Rischia di bloccarsi la “scalata” dei distillati italiani, ed europei, nel mercato cinese che stava dando importanti prospettive. A lanciare l’allarme è AssoDistil, realtà che, da oltre 70 anni, riunisce, rappresenta e tutela le principali realtà del settore della distillazione italiana ed a cui aderisce 60 aziende che coprono il 95% della produzione nazionale di acquaviti e di alcol etilico prodotto da materie prime di origine agricola.
“AssoDistil - sottolinea il dg Sandro Cobror - sta investendo, da alcuni mesi, nel mercato cinese, con un progetto di promozione del brandy italiano, eccellenza dei distillati made in Italy, e, proprio in questi giorni, cominciamo a registrare i primi segnali di interesse da parte dei consumatori cinesi. Adesso veniamo a conoscenza, con sconcerto, dell’indagine antidumping che il Ministero del Commercio cinese ha avviato su alcune tipologie di prodotti alcolici di provenienza Ue, in particolare proprio sui distillati di vino”. Ed ancora, “sebbene, dalle prime informazioni sembrerebbe che lo scopo dell’indagine sia eminentemente ritorsivo contro analoghe indagini Ue indirizzate verso l’import di motori elettrici dalla Cina, non vi è dubbio che l’iniziativa cinese metta a rischio lo sviluppo del mercato del brandy in quel Paese nonché la propensione all’investimento da parte di quei produttori non ancora presenti in Cina che vedono nel grande Paese asiatico un interessantissimo mercato potenziale di sviluppo sia del brandy che dei distillati in generale. Un’indagine antidumping rischierebbe inevitabilmente di bloccare sul nascere una iniziativa come quella della promozione del brandy italiano in Cina oltre che recare un danno economico enorme al settore degli spirits e tutto questo senza alcuna ragione reale: infatti, oggi sul mercato cinese il brandy Ue viene venduto a prezzi decisamente superiori a quello dei distillati locali e, comunque, laddove pure si ravvisasse l’opportunità di bloccare le importazioni di distillati dall’Unione Europea, ciò risulterebbe economicamente ininfluente per controbilanciare il rischio di un blocco delle importazioni in Ue di componentistica e motori elettrici dalla Cina che vale dieci volte di più. Per questo, come organizzazione di categoria che rappresenta la quasi totalità della produzione distillatoria in Italia - conclude Cobror - abbiamo chiesto al Ministro dell’Agricoltura, della Sovranità alimentare e delle Foreste, Francesco Lollobrigida, che le nostre Istituzioni si adoperino per impedire che questa pericolosissima iniziativa abbia seguito”.

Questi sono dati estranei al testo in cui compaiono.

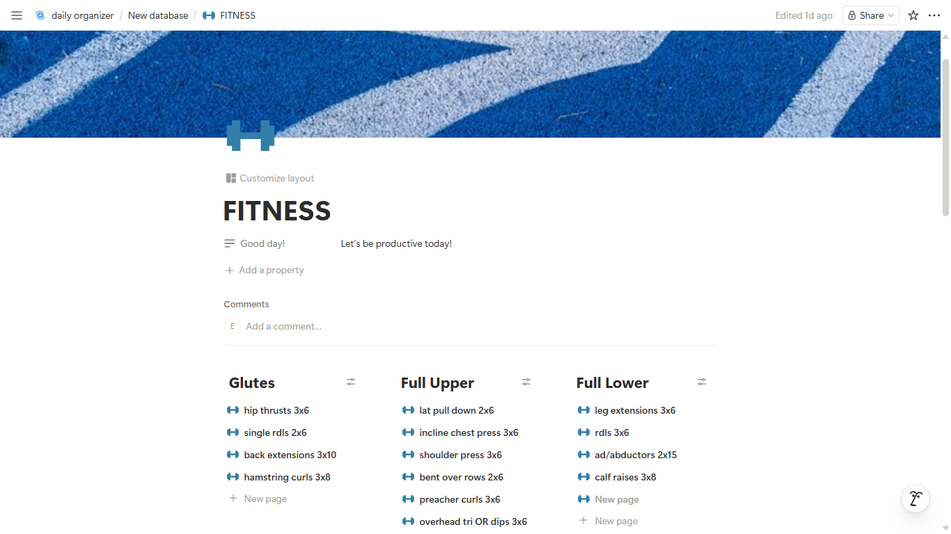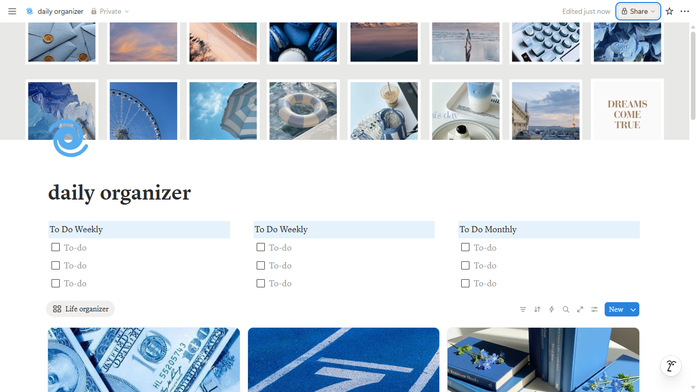 Designed with a clean blue aesthetic, this Notion template helps you stay focused, productive, and inspired every day.

Il caso ha fatto parlare anche in Francia, riporta il sito specializzato Vitisphere, altro Paese dall’importante produzione di distillati, che si sente presa di mira. “Ci interroghiamo ancora sulla motivazione di questa indagine, che si basa su prove inconcludenti, secondo l’ammissione degli stessi denuncianti”, commenta Raphaël Delpech, direttore dell’Ufficio nazionale interprofessionale del Cognac, “anche se non siamo stati in grado di studiare il percorso seguito dai produttori cinesi di brandy per giungere alle loro conclusioni, stimano il livello di dumping al 15,88%, che è molto basso rispetto alle denunce precedenti, cioè denunce che potrebbero aver riguardato altri settori in cui i livelli erano molto più alti”. Dicendosi sereno rispetto delle normative cinesi e internazionali da parte delle case di Cognac, il direttore dell’associazione interprofessionale afferma che il settore “collaborerà perfettamente con le autorità cinesi, con le quali abbiamo un rapporto di trasparenza e fiducia”. Si sostiene che i prodotti europei principalmente presi di mira per il loro ruolo trainante nelle esportazioni, come ovvero cognac e armagnac, sono ben lungi dall'essere prodotti entry-level. “Per noi è ovvio che non c'è dumping di cognac”, insiste Raphaël Delpech, “siamo persino sorpresi che sia stata aperta un’indagine” ma si chiede un intervento anche delle istituzioni perché “questa è una questione politica”.